START Supplied entries
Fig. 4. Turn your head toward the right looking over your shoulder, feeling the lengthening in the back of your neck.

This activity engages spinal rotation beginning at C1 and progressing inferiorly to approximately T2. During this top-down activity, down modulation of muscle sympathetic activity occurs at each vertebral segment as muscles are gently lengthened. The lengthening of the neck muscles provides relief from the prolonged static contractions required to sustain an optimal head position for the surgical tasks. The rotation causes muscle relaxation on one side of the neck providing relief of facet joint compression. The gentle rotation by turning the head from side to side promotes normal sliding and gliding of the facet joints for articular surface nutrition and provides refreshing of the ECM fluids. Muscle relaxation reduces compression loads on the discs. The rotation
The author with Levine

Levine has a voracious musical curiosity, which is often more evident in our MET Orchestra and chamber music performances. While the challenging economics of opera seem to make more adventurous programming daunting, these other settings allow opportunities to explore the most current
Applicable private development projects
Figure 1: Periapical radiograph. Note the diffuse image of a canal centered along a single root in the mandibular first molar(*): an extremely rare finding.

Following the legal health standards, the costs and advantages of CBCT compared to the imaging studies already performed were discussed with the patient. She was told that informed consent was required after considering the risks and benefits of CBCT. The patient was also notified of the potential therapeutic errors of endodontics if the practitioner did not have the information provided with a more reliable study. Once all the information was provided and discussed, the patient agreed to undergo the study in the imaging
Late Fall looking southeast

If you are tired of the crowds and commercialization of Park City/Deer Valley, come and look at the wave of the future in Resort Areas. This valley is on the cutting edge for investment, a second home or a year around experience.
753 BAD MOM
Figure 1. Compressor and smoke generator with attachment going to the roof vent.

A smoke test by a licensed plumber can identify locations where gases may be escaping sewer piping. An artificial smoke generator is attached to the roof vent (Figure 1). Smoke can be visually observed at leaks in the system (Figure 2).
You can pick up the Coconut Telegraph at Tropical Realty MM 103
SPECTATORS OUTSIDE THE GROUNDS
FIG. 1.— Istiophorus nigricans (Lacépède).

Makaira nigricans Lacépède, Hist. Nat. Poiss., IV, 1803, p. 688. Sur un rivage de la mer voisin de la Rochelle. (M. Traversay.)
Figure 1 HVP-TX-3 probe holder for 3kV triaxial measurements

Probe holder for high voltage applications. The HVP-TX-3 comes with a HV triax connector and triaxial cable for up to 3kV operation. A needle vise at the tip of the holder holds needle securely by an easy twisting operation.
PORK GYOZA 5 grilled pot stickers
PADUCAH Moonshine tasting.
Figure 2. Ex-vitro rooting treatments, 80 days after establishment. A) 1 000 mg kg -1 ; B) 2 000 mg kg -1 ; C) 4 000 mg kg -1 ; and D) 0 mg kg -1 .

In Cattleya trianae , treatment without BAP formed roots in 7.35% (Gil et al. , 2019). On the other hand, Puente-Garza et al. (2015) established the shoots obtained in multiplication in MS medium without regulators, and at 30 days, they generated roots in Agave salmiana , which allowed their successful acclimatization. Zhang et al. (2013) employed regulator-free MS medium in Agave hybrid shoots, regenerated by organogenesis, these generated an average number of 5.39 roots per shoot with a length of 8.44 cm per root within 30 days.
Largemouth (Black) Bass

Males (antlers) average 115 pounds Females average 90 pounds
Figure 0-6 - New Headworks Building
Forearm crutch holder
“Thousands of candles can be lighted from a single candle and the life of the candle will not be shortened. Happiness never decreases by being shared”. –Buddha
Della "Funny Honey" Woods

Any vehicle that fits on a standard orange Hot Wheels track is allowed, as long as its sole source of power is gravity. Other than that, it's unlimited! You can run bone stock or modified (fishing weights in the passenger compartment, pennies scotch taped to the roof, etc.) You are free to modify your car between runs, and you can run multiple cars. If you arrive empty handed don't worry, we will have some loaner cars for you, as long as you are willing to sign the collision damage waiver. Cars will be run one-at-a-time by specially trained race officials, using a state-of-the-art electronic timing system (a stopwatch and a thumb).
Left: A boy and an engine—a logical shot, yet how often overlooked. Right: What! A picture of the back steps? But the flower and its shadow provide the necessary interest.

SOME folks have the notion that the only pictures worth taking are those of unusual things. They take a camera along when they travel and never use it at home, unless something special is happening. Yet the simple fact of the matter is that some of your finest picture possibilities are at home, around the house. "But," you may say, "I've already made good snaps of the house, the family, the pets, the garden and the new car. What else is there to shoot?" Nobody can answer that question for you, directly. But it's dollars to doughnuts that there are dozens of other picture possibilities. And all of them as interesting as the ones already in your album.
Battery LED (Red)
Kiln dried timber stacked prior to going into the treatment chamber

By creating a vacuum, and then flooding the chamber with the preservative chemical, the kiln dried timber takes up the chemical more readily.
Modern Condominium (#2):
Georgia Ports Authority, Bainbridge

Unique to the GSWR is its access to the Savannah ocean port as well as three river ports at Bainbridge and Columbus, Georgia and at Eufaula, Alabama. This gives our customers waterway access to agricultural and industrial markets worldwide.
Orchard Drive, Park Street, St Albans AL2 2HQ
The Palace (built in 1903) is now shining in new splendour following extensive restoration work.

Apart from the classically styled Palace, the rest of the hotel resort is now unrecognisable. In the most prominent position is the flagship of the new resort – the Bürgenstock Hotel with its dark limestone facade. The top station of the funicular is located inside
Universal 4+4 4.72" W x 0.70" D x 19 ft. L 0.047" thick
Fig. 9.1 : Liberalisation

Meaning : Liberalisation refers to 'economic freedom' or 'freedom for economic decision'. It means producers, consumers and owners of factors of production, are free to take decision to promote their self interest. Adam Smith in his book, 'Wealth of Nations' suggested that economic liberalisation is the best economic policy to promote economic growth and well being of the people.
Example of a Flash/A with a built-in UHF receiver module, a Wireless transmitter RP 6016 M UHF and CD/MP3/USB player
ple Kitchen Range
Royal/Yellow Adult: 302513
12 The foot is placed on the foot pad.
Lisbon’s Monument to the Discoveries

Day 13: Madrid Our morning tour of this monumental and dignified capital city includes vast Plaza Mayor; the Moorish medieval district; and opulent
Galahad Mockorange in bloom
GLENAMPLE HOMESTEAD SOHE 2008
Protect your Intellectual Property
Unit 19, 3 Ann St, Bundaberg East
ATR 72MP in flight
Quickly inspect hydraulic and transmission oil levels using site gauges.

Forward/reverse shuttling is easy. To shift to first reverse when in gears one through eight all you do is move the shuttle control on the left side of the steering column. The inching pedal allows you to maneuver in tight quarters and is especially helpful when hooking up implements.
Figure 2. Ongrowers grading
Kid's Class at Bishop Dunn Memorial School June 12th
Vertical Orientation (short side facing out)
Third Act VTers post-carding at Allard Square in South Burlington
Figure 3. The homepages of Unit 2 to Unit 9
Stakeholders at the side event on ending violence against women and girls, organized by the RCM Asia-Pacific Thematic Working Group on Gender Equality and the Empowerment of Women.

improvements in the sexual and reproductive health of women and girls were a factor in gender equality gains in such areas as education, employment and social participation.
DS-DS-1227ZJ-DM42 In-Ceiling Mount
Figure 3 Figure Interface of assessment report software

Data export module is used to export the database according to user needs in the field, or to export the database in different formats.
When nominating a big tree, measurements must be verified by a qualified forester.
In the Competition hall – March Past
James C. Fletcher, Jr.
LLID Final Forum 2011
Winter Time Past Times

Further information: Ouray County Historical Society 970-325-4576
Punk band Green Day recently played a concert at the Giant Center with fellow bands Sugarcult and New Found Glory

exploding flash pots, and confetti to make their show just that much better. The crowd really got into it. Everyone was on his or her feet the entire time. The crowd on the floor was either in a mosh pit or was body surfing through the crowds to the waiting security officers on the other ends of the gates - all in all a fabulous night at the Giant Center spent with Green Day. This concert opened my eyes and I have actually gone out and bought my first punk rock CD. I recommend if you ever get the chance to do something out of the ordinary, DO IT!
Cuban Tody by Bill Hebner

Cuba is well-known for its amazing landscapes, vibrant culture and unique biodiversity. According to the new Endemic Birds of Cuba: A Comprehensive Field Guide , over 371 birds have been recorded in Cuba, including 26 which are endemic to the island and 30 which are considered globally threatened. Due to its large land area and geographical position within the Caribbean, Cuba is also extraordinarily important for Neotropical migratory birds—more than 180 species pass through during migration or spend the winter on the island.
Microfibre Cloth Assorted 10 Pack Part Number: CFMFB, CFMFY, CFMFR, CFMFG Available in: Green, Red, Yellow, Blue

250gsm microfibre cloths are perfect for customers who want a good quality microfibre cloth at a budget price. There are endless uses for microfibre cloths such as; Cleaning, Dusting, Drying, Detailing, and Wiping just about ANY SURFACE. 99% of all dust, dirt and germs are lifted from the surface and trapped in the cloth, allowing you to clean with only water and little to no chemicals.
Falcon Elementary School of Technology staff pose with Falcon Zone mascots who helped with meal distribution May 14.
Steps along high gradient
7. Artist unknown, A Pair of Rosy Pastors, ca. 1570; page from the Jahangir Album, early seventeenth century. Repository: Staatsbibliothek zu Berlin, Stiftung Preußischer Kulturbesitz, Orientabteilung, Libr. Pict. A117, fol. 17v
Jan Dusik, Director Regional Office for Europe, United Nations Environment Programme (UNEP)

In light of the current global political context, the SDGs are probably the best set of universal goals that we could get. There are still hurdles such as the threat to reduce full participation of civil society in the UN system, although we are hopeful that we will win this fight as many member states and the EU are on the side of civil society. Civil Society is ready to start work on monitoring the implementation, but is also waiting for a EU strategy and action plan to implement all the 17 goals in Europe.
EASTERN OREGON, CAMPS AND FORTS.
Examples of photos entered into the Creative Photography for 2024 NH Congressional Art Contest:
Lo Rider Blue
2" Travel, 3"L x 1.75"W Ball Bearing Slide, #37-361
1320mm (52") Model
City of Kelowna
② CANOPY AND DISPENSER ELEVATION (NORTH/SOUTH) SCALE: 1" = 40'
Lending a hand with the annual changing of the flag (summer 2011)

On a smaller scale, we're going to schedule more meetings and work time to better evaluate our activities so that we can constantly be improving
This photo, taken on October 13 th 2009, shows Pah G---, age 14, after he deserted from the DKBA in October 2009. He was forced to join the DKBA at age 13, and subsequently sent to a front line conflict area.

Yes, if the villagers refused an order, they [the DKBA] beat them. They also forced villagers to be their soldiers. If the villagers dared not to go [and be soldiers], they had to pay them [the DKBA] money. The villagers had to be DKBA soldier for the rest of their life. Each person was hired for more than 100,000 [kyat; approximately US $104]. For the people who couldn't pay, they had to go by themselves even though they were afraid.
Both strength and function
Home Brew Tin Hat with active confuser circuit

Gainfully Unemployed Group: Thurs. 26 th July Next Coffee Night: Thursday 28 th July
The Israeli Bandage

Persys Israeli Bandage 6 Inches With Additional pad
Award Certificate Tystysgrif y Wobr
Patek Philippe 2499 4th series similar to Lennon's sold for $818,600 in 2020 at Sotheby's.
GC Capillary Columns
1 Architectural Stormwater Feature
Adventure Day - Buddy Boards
END Supplied entries
* [Task] Wherever the string "generator" appears in the entries above, return the line it appears on.

* [Answer area]
Figure 1. Compressor and smoke generator with attachment going to the roof vent.
A smoke test by a licensed plumber can identify locations where gases may be escaping sewer piping. An artificial smoke generator is attached to the roof vent (Figure 1). Smoke can be visually observed at leaks in the system (Figure 2).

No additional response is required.